EXERCISE AIM:
From the entries below, print exactly the span beginning with the line holding "美元兑加元USDCAD4小时图" and ending with the line holding "Legacy Lite is", endpoints included, and skip any pictures.

(Source records)

[Start of Attachment]

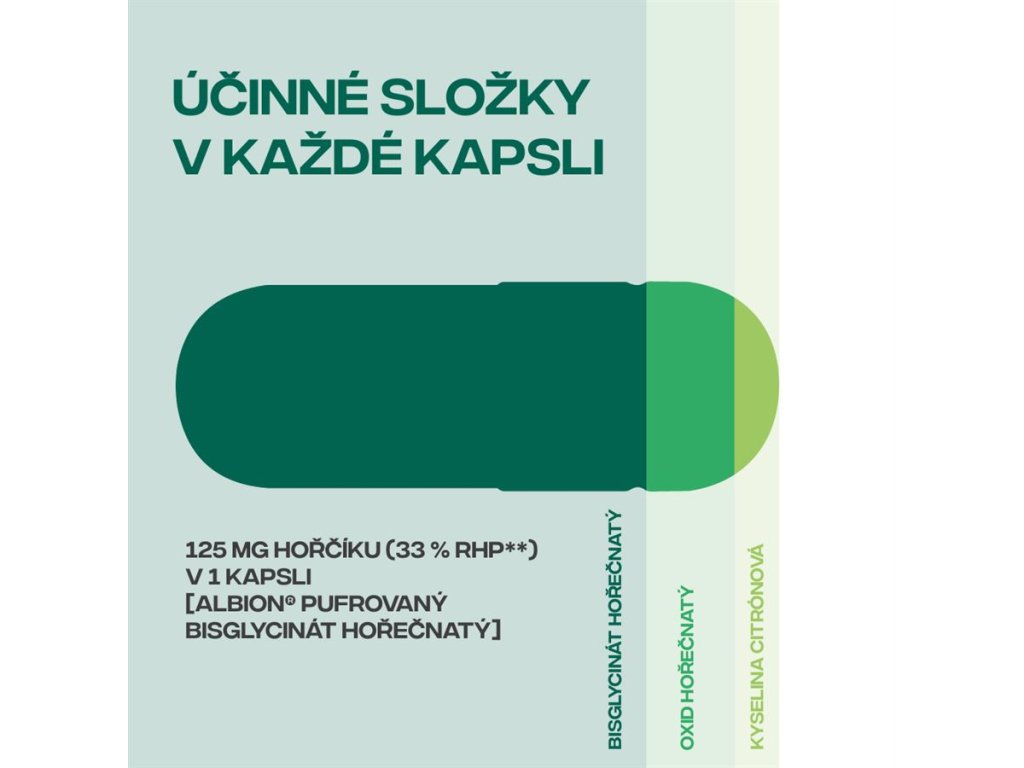 Složení v 1 želatinové* kapsli: 125 mg hořčíku (33 % RHP**) [Albion® pufrovaný bisglycinát hořečnatý (bisglycinát hořečnatý, oxid hořečnatý, kyselina citronová)], želatinová kapsle (hovězí želatina*, barvivo oxidy a hydroxidy železa), plnidlo maltodextrin, protispékavé látky (stearan hořečnatý, dioxid křemičitý). *nevhodné pro vegetariány. **% RHP - % referenční hodnoty příjmu.
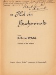 49. (VORRINK, Koos). STAAL, K.R. van Terug uit de hel van Buchenwald. Amsterdam, Nieuwe Wieken, 1945. Geniet. 48 p. Netjes.
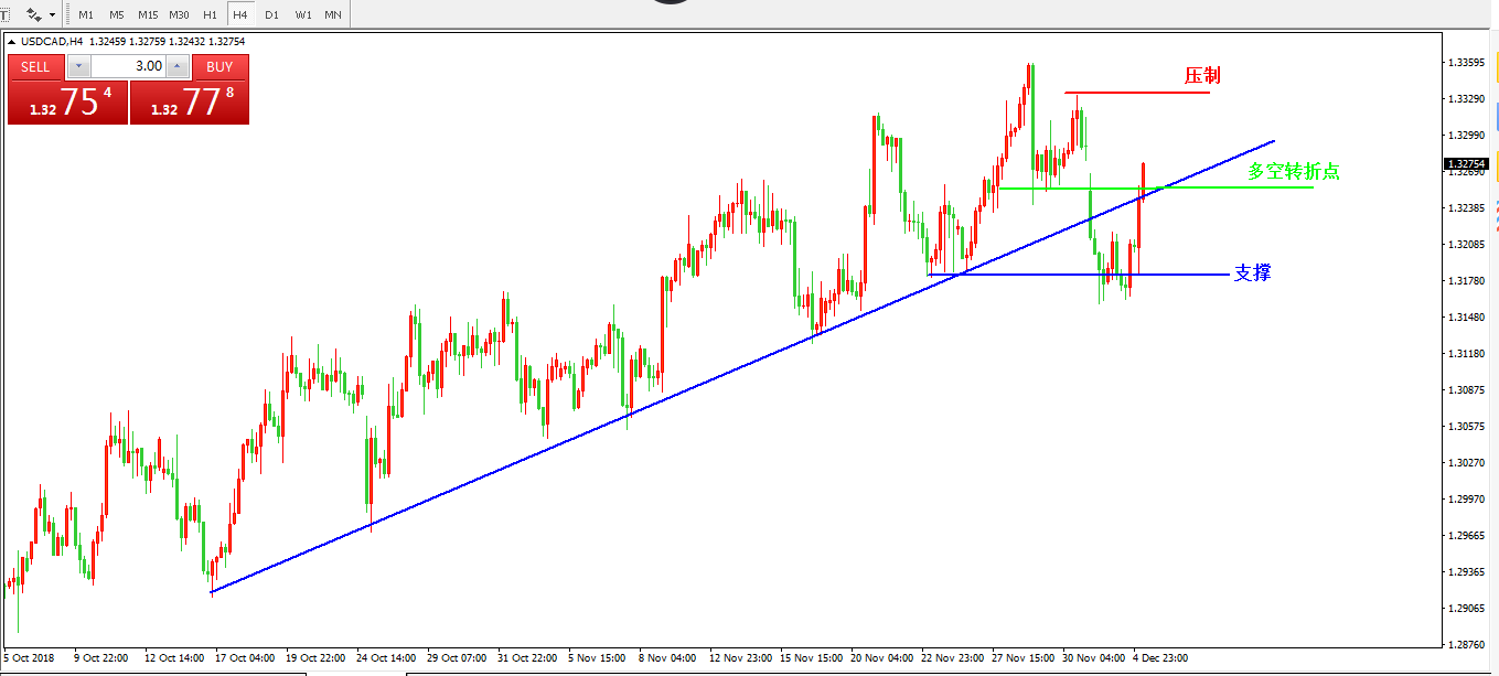 美元兑加元USDCAD4小时图
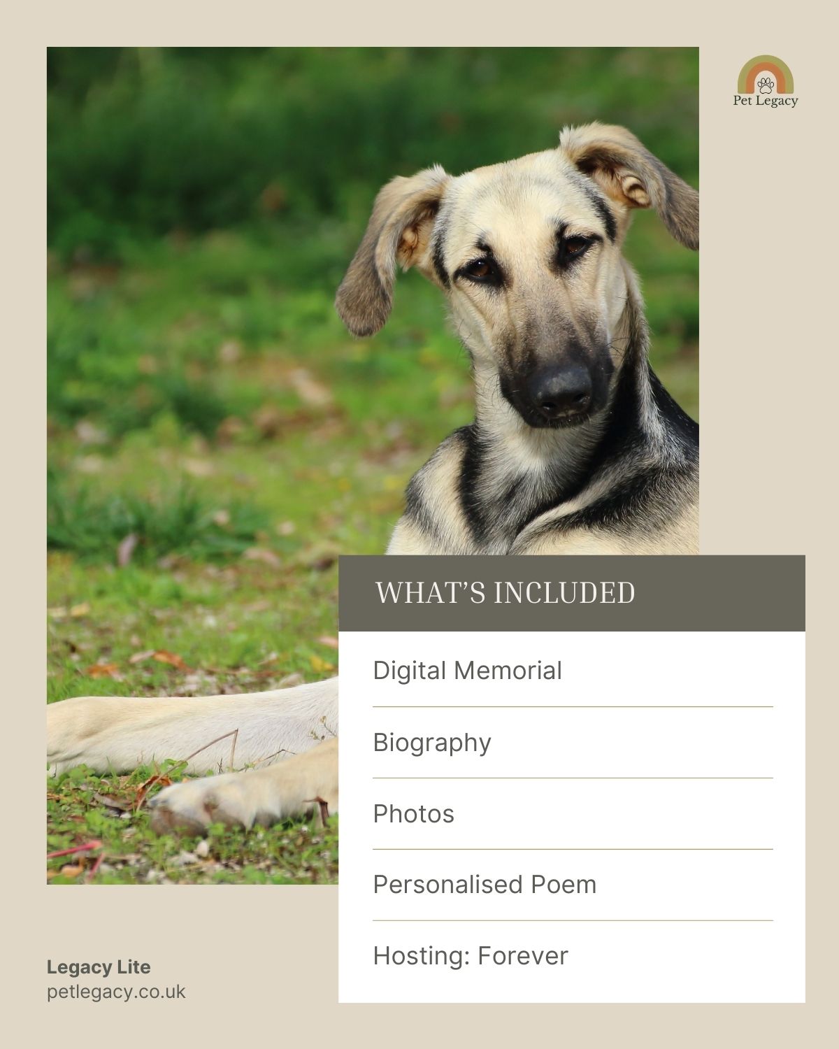 Legacy Lite is a simple, affordable online memorial created on a trusted third-party platform. Hosting is included for life at no extra cost. You’ll receive access so you can keep editing, add more photos or text, and control privacy settings — keep the page private, share with family, or make it public.
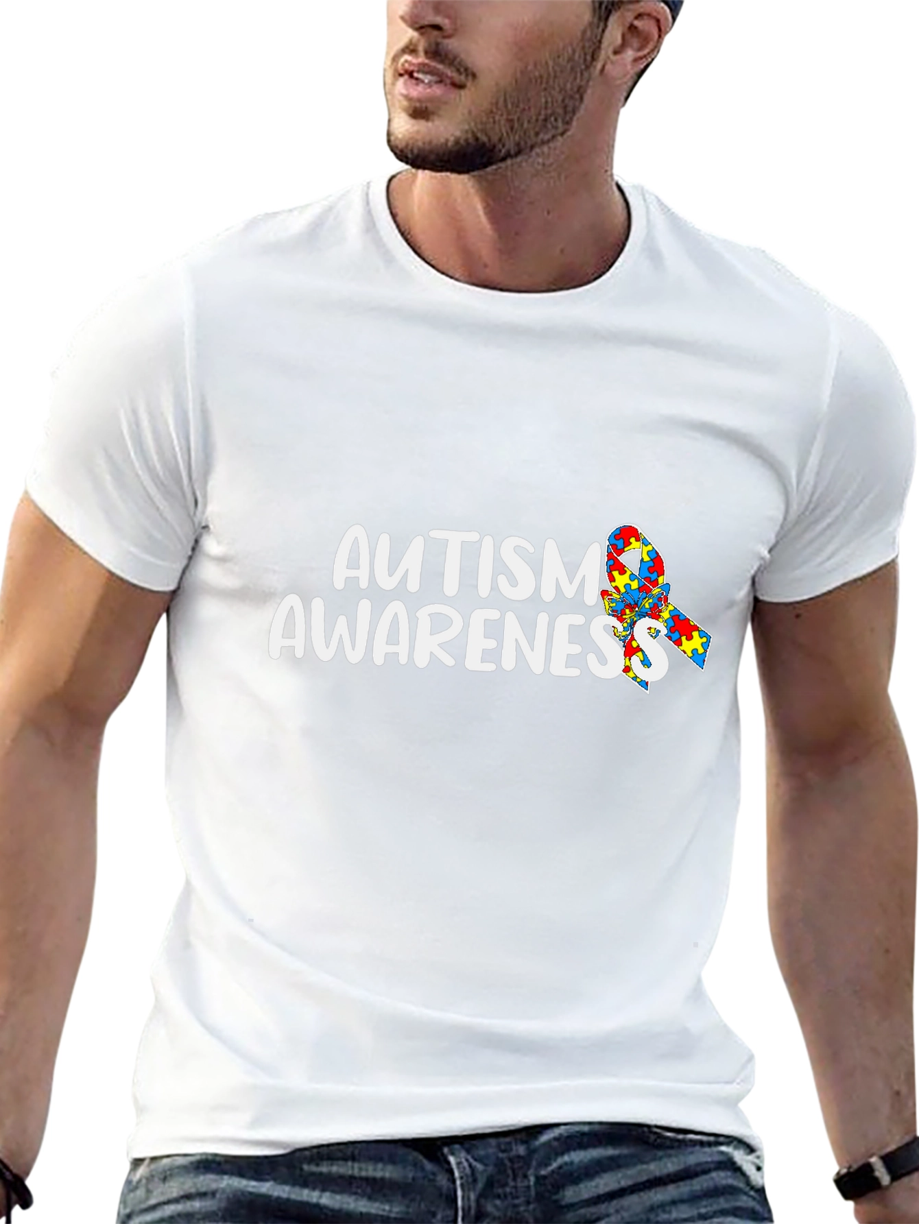 Show your support with this stylish Autism Awareness t-shirt. This black tee features a bold "Autism Awareness" print in white, accompanied by a colorful puzzle ribbon design. The striking graphic symbolizes the complexity and diversity of autism. Made from what appears to be a comfortable, breathable cotton blend, this classic-fit shirt is perfect for everyday wear, walks, charity events, or simply raising awareness. Wear it with pride and spark conversations about autism acceptance and inclusion. A meaningful way to make a statement and support a great cause.

[End of Attachment]

PROBLEM SOLUTION:
 美元兑加元USDCAD4小时图
 Legacy Lite is a simple, affordable online memorial created on a trusted third-party platform. Hosting is included for life at no extra cost. You’ll receive access so you can keep editing, add more photos or text, and control privacy settings — keep the page private, share with family, or make it public.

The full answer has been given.